Cour de justice de l’Union européenne, le 23 novembre 2006, n°C-452/05

Par un arrêt du 23 novembre 2006, la Cour de justice des Communautés européennes a statué sur un recours en manquement introduit par la Commission européenne à l’encontre du Grand-Duché de Luxembourg. Ce recours portait sur une application jugée incorrecte de la directive 91/271/CEE relative au traitement des eaux urbaines résiduaires.
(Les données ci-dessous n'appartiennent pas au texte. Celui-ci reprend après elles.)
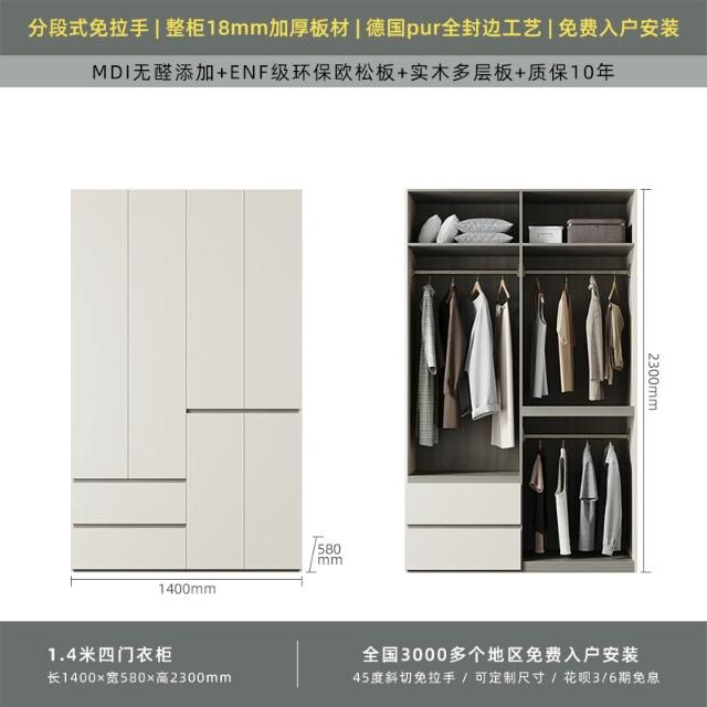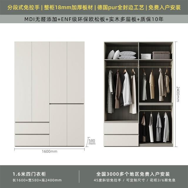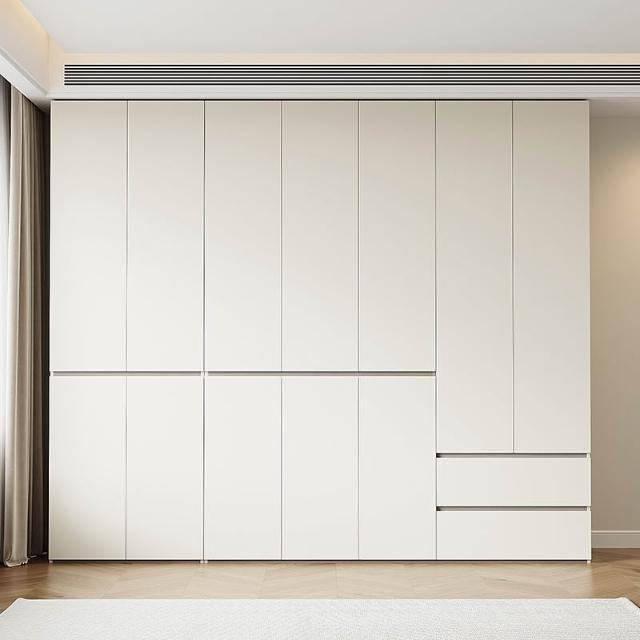 分段式衣櫃家用臥室奶油風一門到頂免拉手2024新款實木多層板衣櫥

La Commission, dans le cadre de sa mission de contrôle du respect du droit communautaire, a estimé que le Luxembourg ne se conformait pas à l’ensemble de ses obligations. En particulier, elle soutenait que les autorités nationales n’avaient pas mis en œuvre les dispositions garantissant une réduction suffisante de la charge polluante dans les stations d’épuration. Après l’envoi d’un avis motivé resté sans réponse satisfaisante dans le délai imparti, la Commission a saisi la Cour de justice afin de faire constater le manquement. Les prétentions de la Commission reposaient sur l’idée que l’État membre n’apportait pas la preuve du respect des seuils de dépollution fixés par la législation européenne. Le Luxembourg, pour sa part, contestait cette analyse sans pour autant fournir de données chiffrées consolidées démontrant sa pleine conformité.

Le problème de droit soulevé par cette affaire consistait donc à déterminer si un État membre manque à ses obligations au titre d’une directive environnementale lorsqu’il n’est pas en mesure de prouver qu’il a atteint un objectif de réduction chiffré. Il s’agissait plus précisément de savoir si l’incapacité à fournir des preuves suffisantes équivalait, aux yeux du juge de l’Union, à une violation matérielle de la norme.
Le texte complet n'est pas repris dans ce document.